I recently tried to connect a new LaCie 250 gig external hard drive (D2 Extreme with Triple Interface) to my new PowerBook G4. After plugging the drive into the power source (and the power supply into an outlet), the blue light on the drive went on and it made whirring noises, sounding like it was starting up. But when I connected it to my PowerBook, it was completely undetected. All the documentation said that moments after connecting the drive to the computer, it should "mount" automatically, which it never did.

I connected to the computer, seperately using each of the 4 included cables (FireWire 800, FireWire 400, iLink and Hi-Speed USB 2.0) but none of them made the computer detect the drive.
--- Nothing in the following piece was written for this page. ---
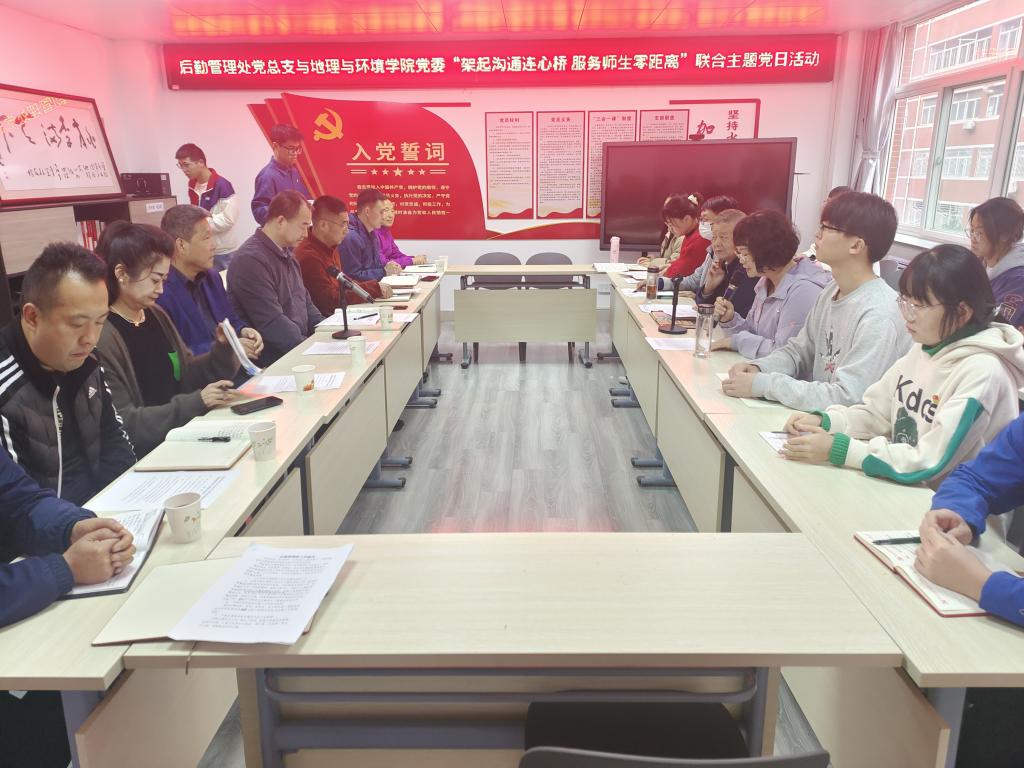 10月18日下午,后勤管理处(后勤服务集团)党总支与公司党委联合开展了“架起沟通连心桥,服务师生零距离”主题党日活动,活动在高新校区明理楼202室举行。会议由公司党委副书记、副经理梁文博主持。
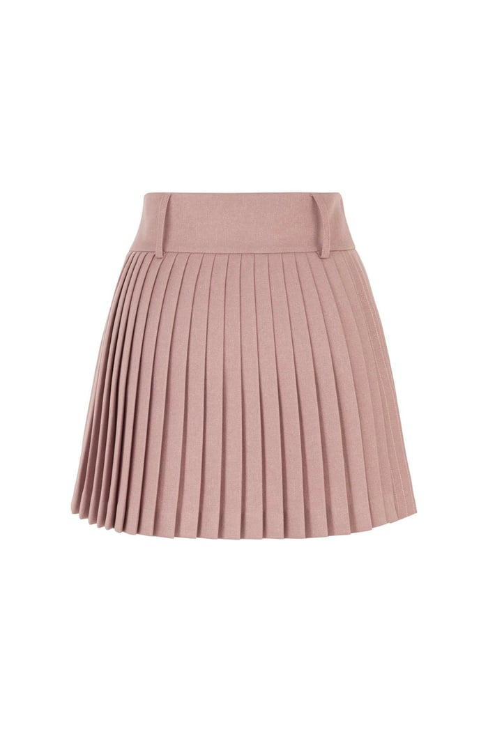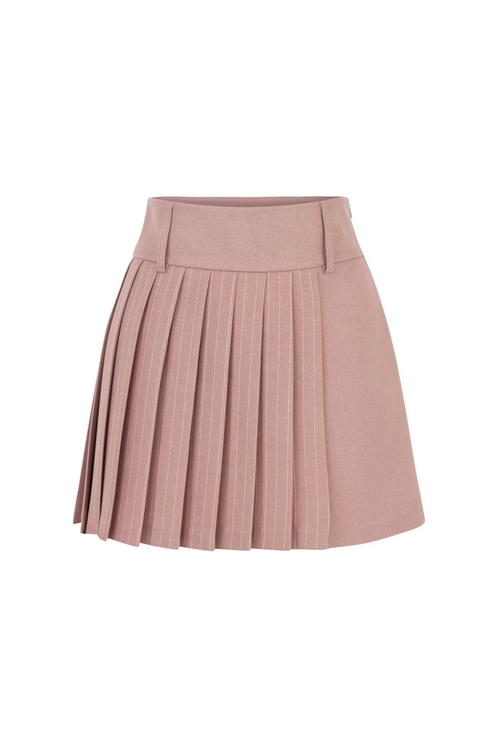 Çizgili ve düz kontrast kumaşlı, Pilili ön kısım ayrıntılı, Yan bedenden gizli fermuar kapama mini etek.

I tried rebooting, unplugging and then plugging the cables/power source back in, and all the steps mentioned in the troubleshooting section of the manual as well as the online FAQs. I also downloaded the LaCie Update tool from their site but when using it, it also never detected the external drive

So how can I configure it so that my PowerBook can detect my external hard drive? Help.


----------



## MSM Hobbes (Apr 23, 2004)

Given that all cables and cords are properly working and installed, and that you had some noises coming from the external HD, seems that there might be something w/in the Mac iself. Have you plugged anything else into this same port, and if so, did they work too? Wonder if there may be some other firmware that is not right... yet, you've updated all. Hmmmm...  Does your manual say to boot up the HD first, and then connect to the 'puter? Can't recall for sure, but could swear that supposed to have mine connected first, and then booted up... Will have to check that.


----------



## ShopJockey (Sep 21, 2005)

Also - go to Disk Utility, see if it shows up there. It's likely you'll have to format it and give it a name before it shows up. 
Failing this, try booting into OS9 and see if it mounts there. If it does, you've got the same hassle with OS X that I have. Let me know what works. 
Good luck.


----------